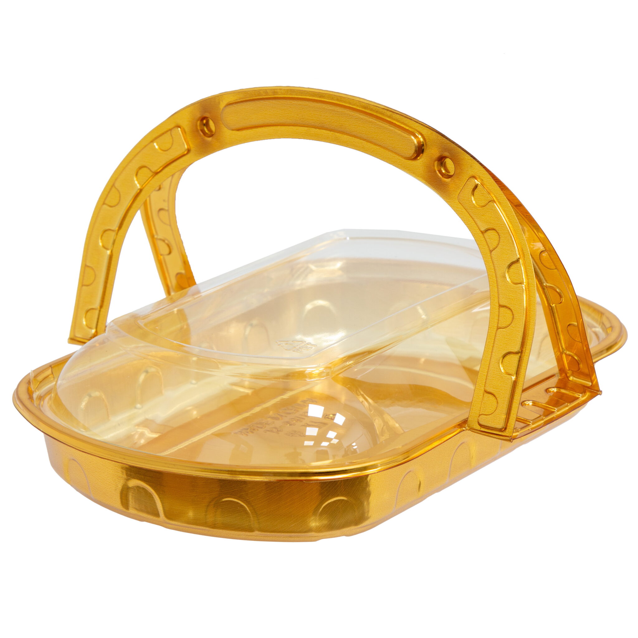 מגש פלסטיק זהב+ מכסה בצורת סלסלה רוחב- 35 ס"מ אורך- 23 ס"מ גובה (כולל מכסה)- 10 ס"מ מגיע 50 יחידות במארז
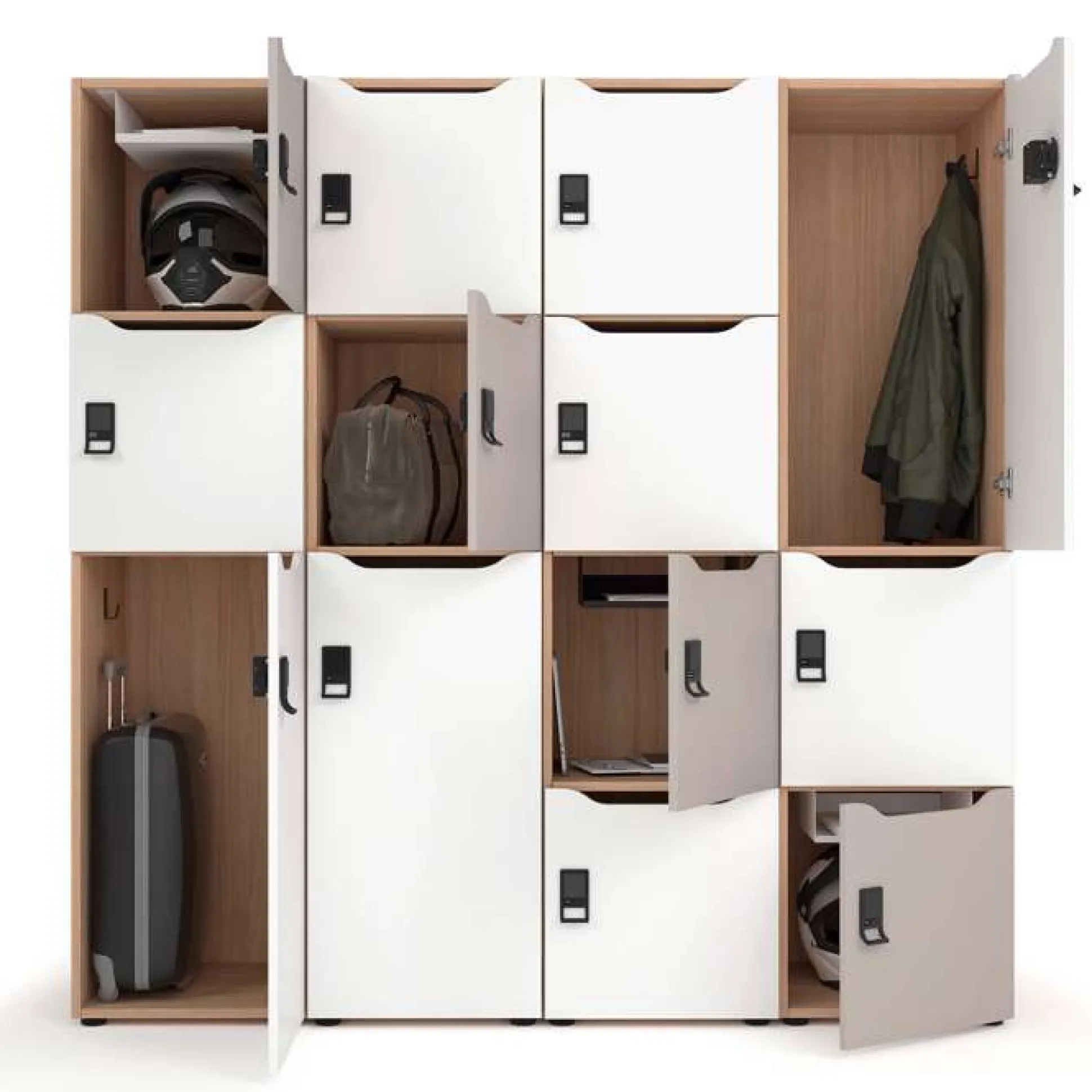 Du kan selv sammensætte din egen opstilling af personaleskabe, så det passer præcis til dine behov. Der kan ændres farve på korpus og låger, der kan tilkøbes kodelås eller elektroniske låse.
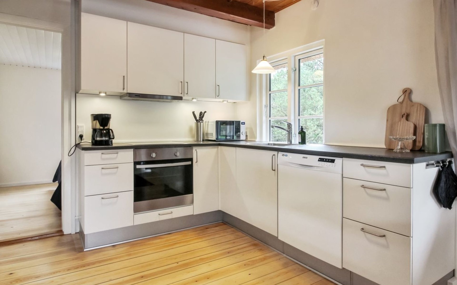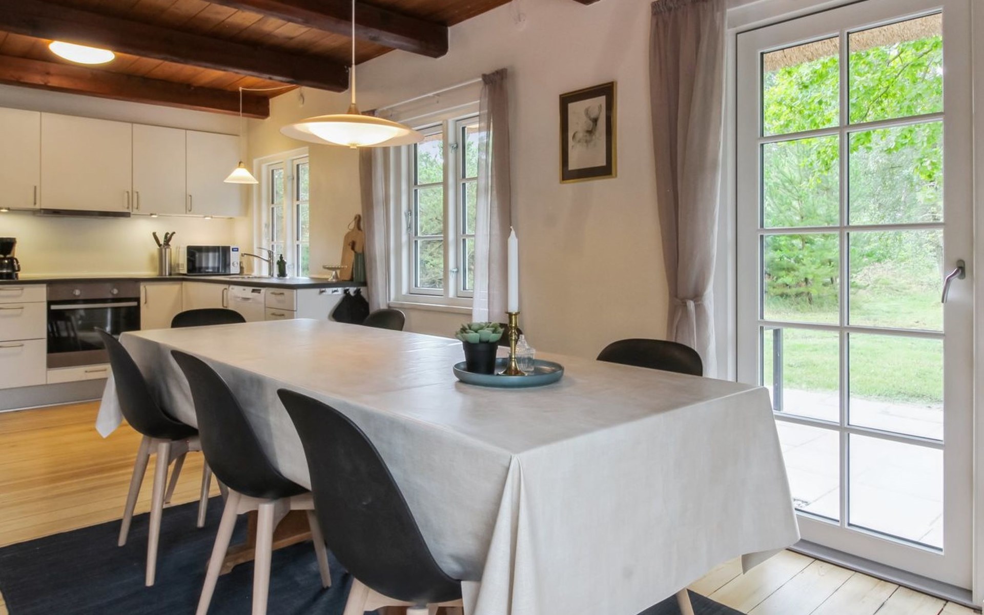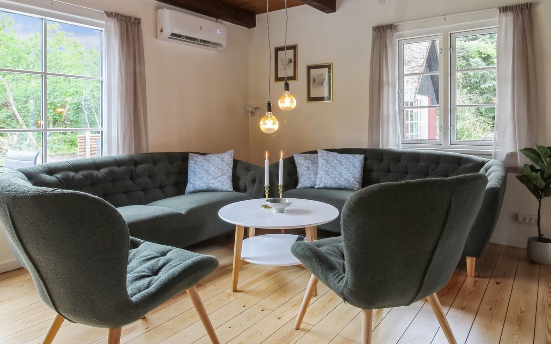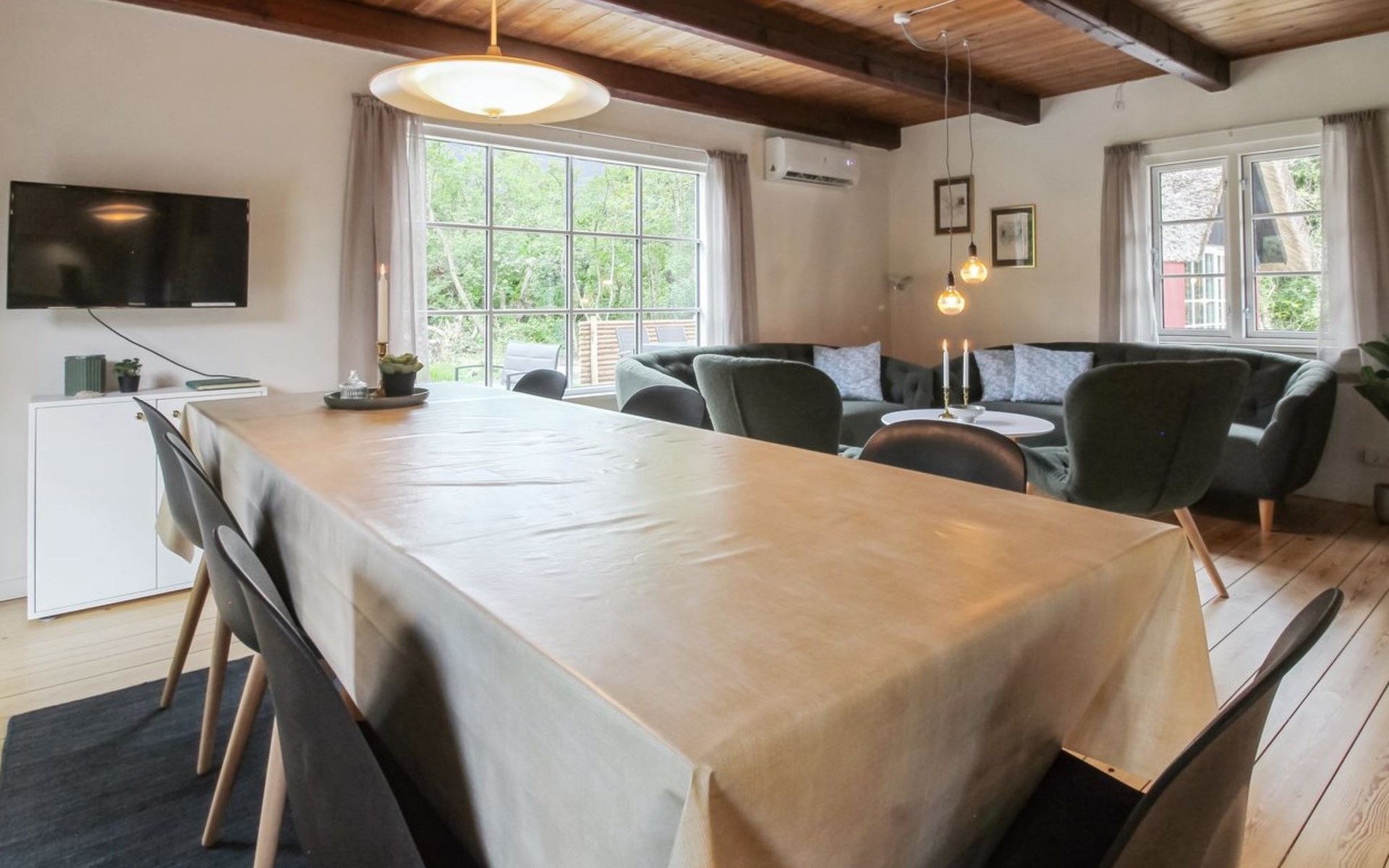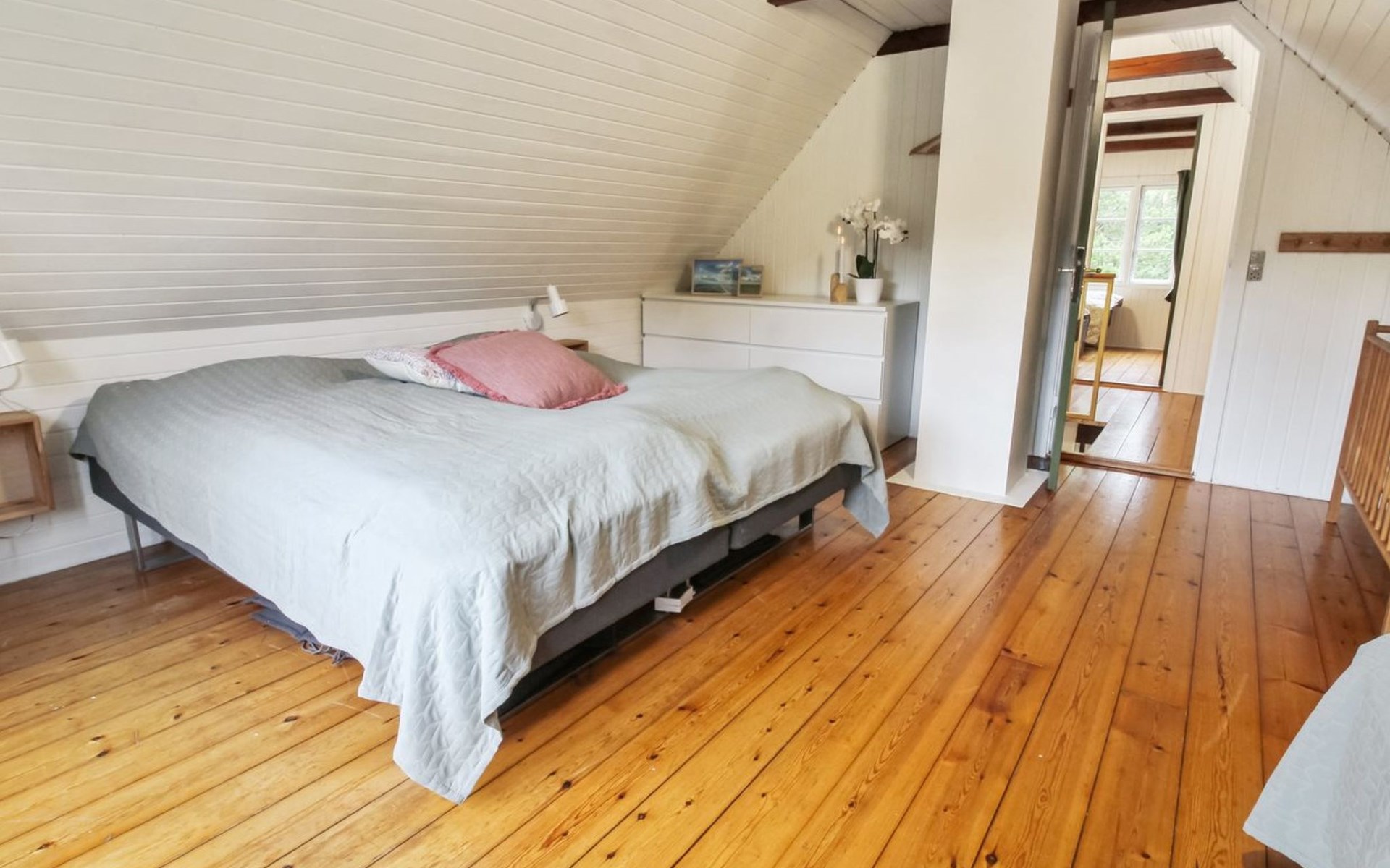 Einfamilienhaus, Baujahr 1966. Zur Alleinbenutzung: naturbelassenes Grundstück 3'870 m2. Grill. Im Hause: Waschmaschine, Wäschetrockner. Parkplatz beim Haus. E-Ladestation. Lebensmittelgeschäft 1.7 km. Golfplatz 4.8 km. Der Besitzer akzeptiert keine Jugendgruppen.
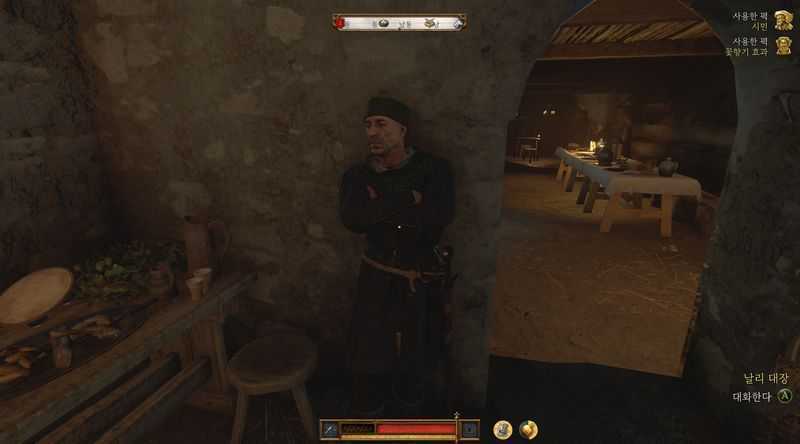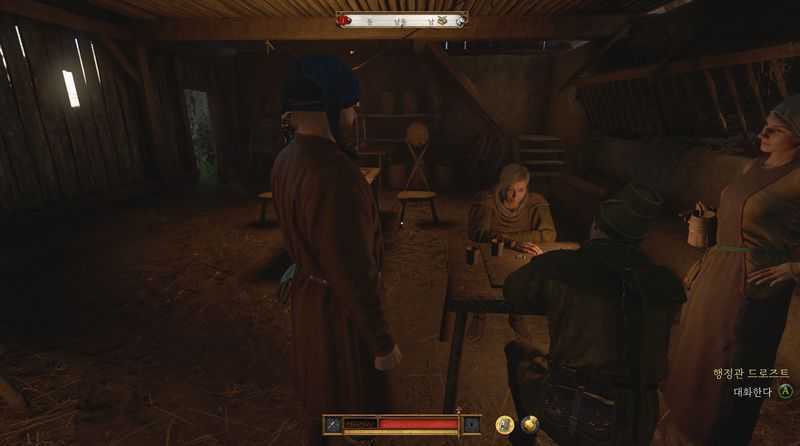 헛간으로 이동해 주사위 테이블 근처로 가면 사냥터지기 보스타텍이 또 술을 마시려고 할 것입니다.
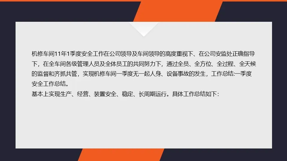 一季度安全工作的总结,既是对过去工作的回顾,也是对未来工作的展望。我们将继续坚持“安全第一、预防为主、综合治理”的方针,不断加强企业的安全工作,确保企业的安全生产和稳定发展。同时,我们也希望全体员工能够共同努力,共同营造安全、稳定、和谐的工作环境。
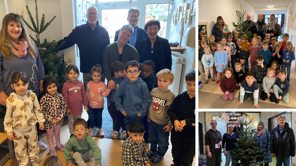Den Auftakt machte der Besuch im DRK Kindergarten Farbenfroh in Frielingen. Vorstandsmitglied Peter Baars, Stiftungsratsvorsitzender Wolfgang Galler sowie die Vorsitzende der Stiftung, Daniela Grunwald-Galler, wurden dort von der stellvertretenden Leiterin Frau Beermann begrüßt. Sie erklärte, dass das Team noch berate, wofür die Spende eingesetzt werden soll: „Vielleicht für die Gestaltung des Außengeländes oder den großen Bewegungsraum – wir schauen gemeinsam, was den größten Mehrwert hat.“ Fest stand allerdings sofort: Der Baum wird zusammen mit den Kindern geschmückt.
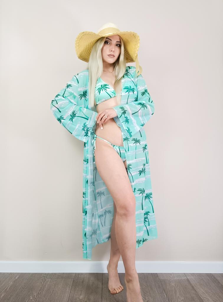 Swimsuit Women's Split Three Piece Set High Waist LongSleeve Ins Overshirt Drawstring Printed Bikini Suits
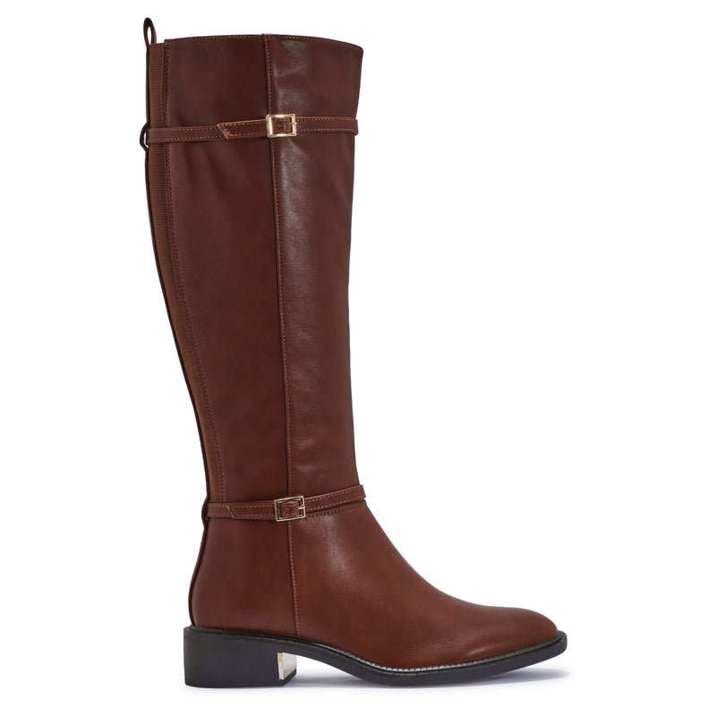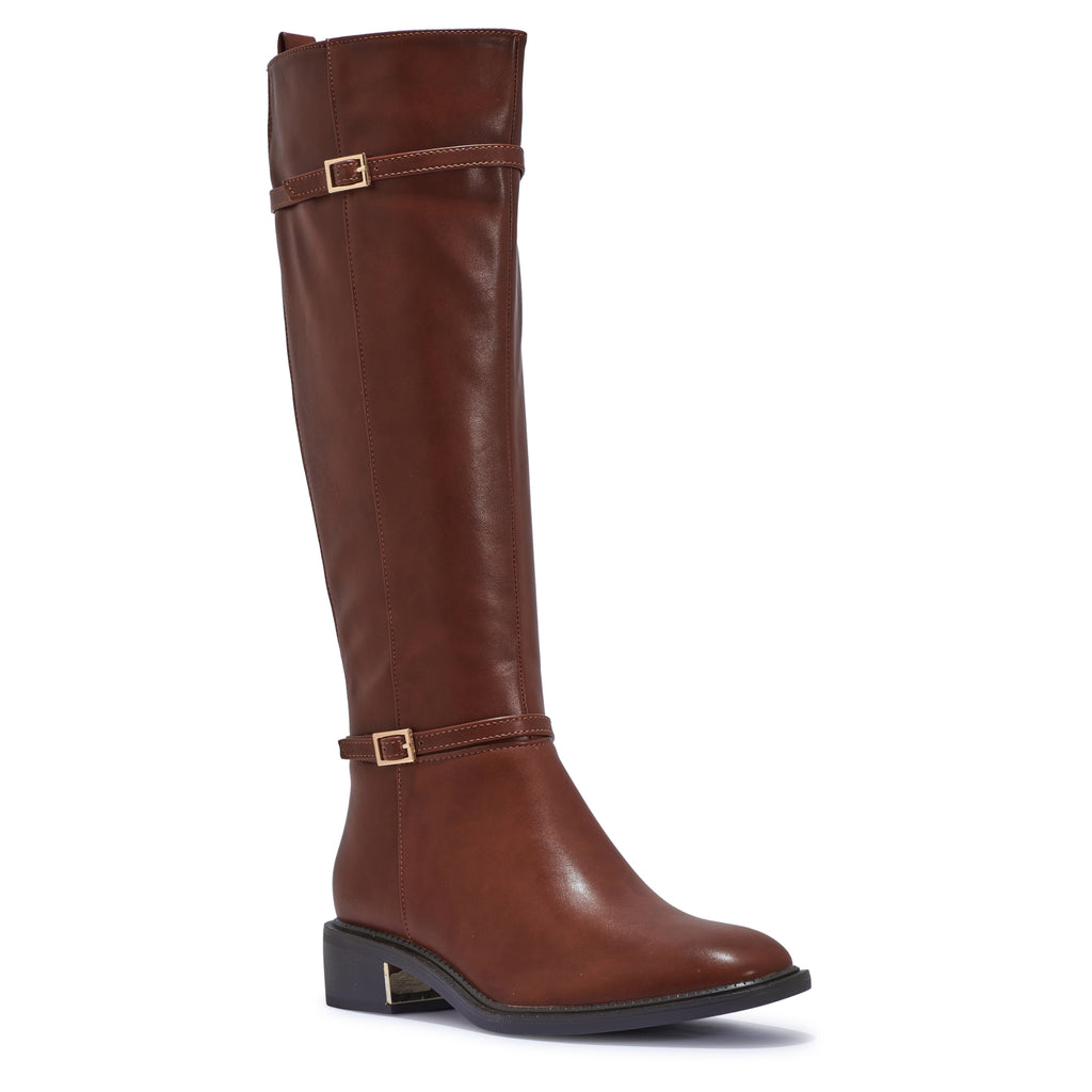 LATTE3 FAUX LEATHER KNEE HIGH BOOTS WITH GOLD BUCKLE

=-=-=

→ WHAT IS EXPECTED:
For this exercise, please set down exactly the lines of the listing above from the line with "Einfamilienhaus, Baujahr 1966." up to and including the line with "一季度安全工作的总结,既是对", and no pictures.

→ WRITTEN RESPONSE:
 Einfamilienhaus, Baujahr 1966. Zur Alleinbenutzung: naturbelassenes Grundstück 3'870 m2. Grill. Im Hause: Waschmaschine, Wäschetrockner. Parkplatz beim Haus. E-Ladestation. Lebensmittelgeschäft 1.7 km. Golfplatz 4.8 km. Der Besitzer akzeptiert keine Jugendgruppen.
 헛간으로 이동해 주사위 테이블 근처로 가면 사냥터지기 보스타텍이 또 술을 마시려고 할 것입니다.
 一季度安全工作的总结,既是对过去工作的回顾,也是对未来工作的展望。我们将继续坚持“安全第一、预防为主、综合治理”的方针,不断加强企业的安全工作,确保企业的安全生产和稳定发展。同时,我们也希望全体员工能够共同努力,共同营造安全、稳定、和谐的工作环境。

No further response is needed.